→ **ACTION ITEM**: Give all of the listing again word for word, with images excluded.

→ **DATA BLOCK**:

────────────────────

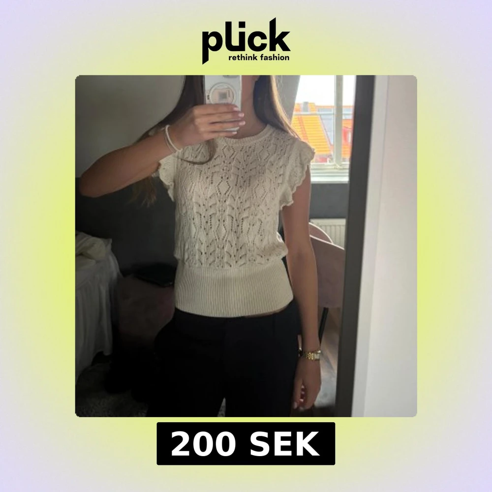 Säljer en söt vit stickad topp från Lindex i storlek S. Toppen har ett fint hålmönster, volangdetaljer vid ärmarna och bred ribbad kant nedtill. 💕
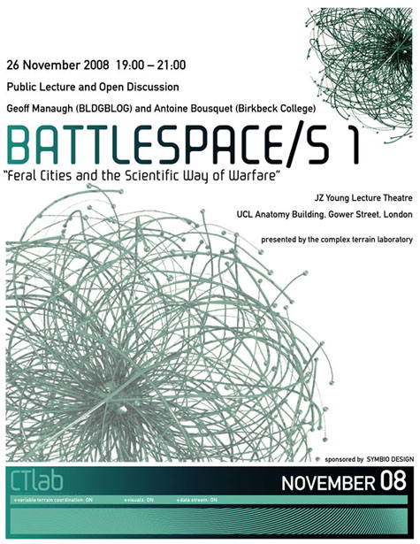 - Feral Cities and the Scientific Way of Warfare University College London. 8 November 2010. Video.URL: https://itunes.apple.com/us/itunes-u/feral-cities-scientific-way/id390453591. [View on iTunes] [Event Poster]
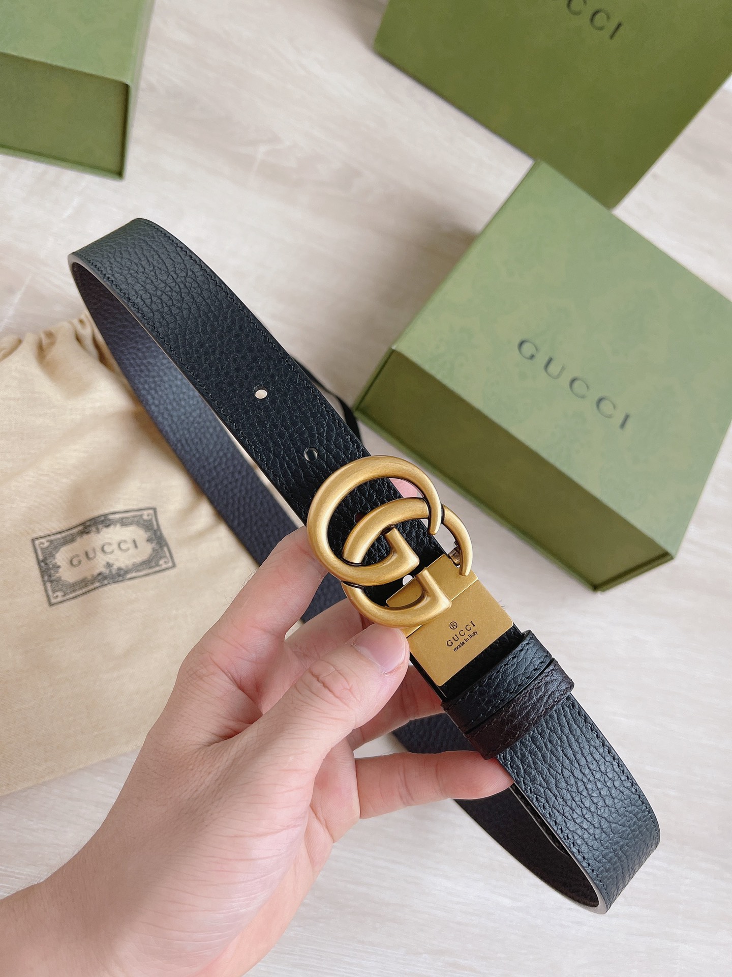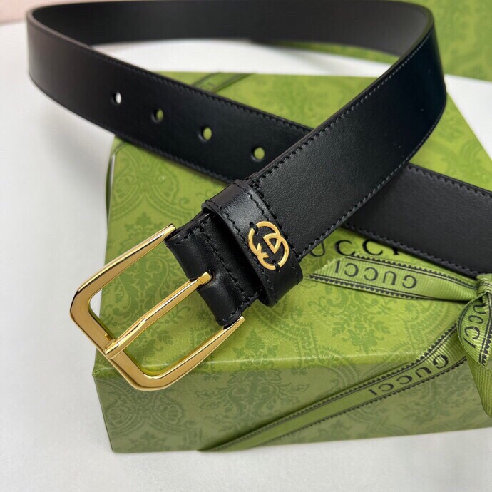Gucci Women’s Double G Buckle Belt In Black Grained Calfskin With Gold Hardware 30mm

────────────────────

→ **REPLY**:
 Säljer en söt vit stickad topp från Lindex i storlek S. Toppen har ett fint hålmönster, volangdetaljer vid ärmarna och bred ribbad kant nedtill. 💕
 - Feral Cities and the Scientific Way of Warfare University College London. 8 November 2010. Video.URL: https://itunes.apple.com/us/itunes-u/feral-cities-scientific-way/id390453591. [View on iTunes] [Event Poster]
Gucci Women’s Double G Buckle Belt In Black Grained Calfskin With Gold Hardware 30mm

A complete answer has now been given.